▸ **Assigned task**: The required answer is the run of lines from the one holding "спать по ночам." to the end of the data below, copied exactly and free of pictures.

▸ **Exercise data**:
◆ ◆ ◆ ◆ ◆

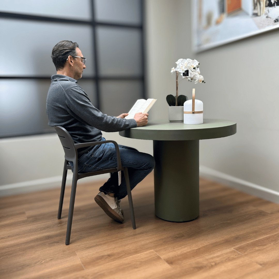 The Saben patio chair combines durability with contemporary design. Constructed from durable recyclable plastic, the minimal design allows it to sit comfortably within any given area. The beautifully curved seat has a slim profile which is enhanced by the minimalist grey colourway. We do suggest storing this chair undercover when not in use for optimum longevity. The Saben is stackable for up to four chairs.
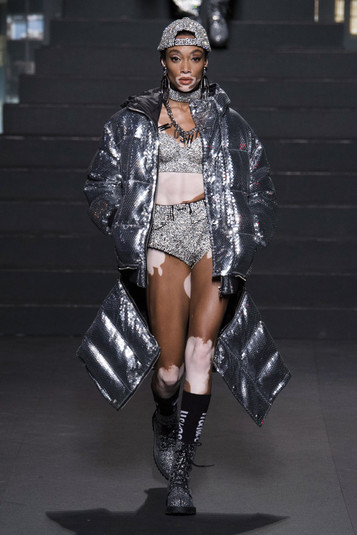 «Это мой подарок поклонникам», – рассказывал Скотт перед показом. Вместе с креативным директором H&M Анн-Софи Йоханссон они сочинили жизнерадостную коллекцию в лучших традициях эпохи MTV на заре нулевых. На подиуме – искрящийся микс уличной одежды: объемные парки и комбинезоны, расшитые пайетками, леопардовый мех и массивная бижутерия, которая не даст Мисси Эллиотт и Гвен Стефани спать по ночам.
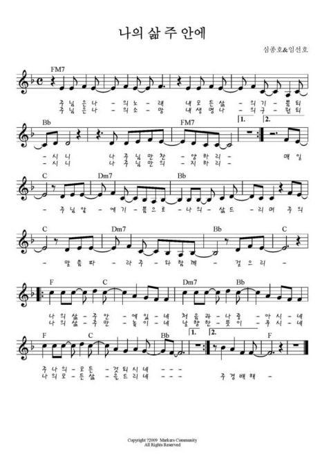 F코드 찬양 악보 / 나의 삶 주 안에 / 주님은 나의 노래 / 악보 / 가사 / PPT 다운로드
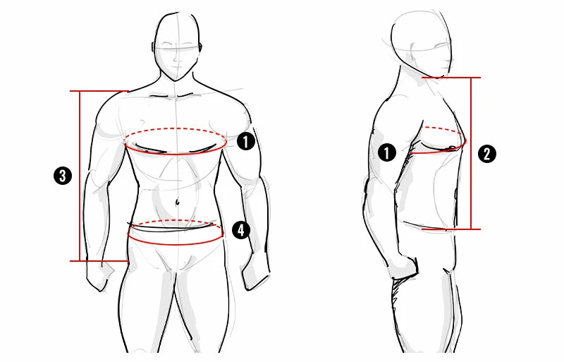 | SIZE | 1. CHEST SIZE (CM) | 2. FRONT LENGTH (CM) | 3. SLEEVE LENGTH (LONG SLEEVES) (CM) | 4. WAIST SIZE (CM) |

◆ ◆ ◆ ◆ ◆

▸ **Solution**:
 «Это мой подарок поклонникам», – рассказывал Скотт перед показом. Вместе с креативным директором H&M Анн-Софи Йоханссон они сочинили жизнерадостную коллекцию в лучших традициях эпохи MTV на заре нулевых. На подиуме – искрящийся микс уличной одежды: объемные парки и комбинезоны, расшитые пайетками, леопардовый мех и массивная бижутерия, которая не даст Мисси Эллиотт и Гвен Стефани спать по ночам.
 F코드 찬양 악보 / 나의 삶 주 안에 / 주님은 나의 노래 / 악보 / 가사 / PPT 다운로드
 | SIZE | 1. CHEST SIZE (CM) | 2. FRONT LENGTH (CM) | 3. SLEEVE LENGTH (LONG SLEEVES) (CM) | 4. WAIST SIZE (CM) |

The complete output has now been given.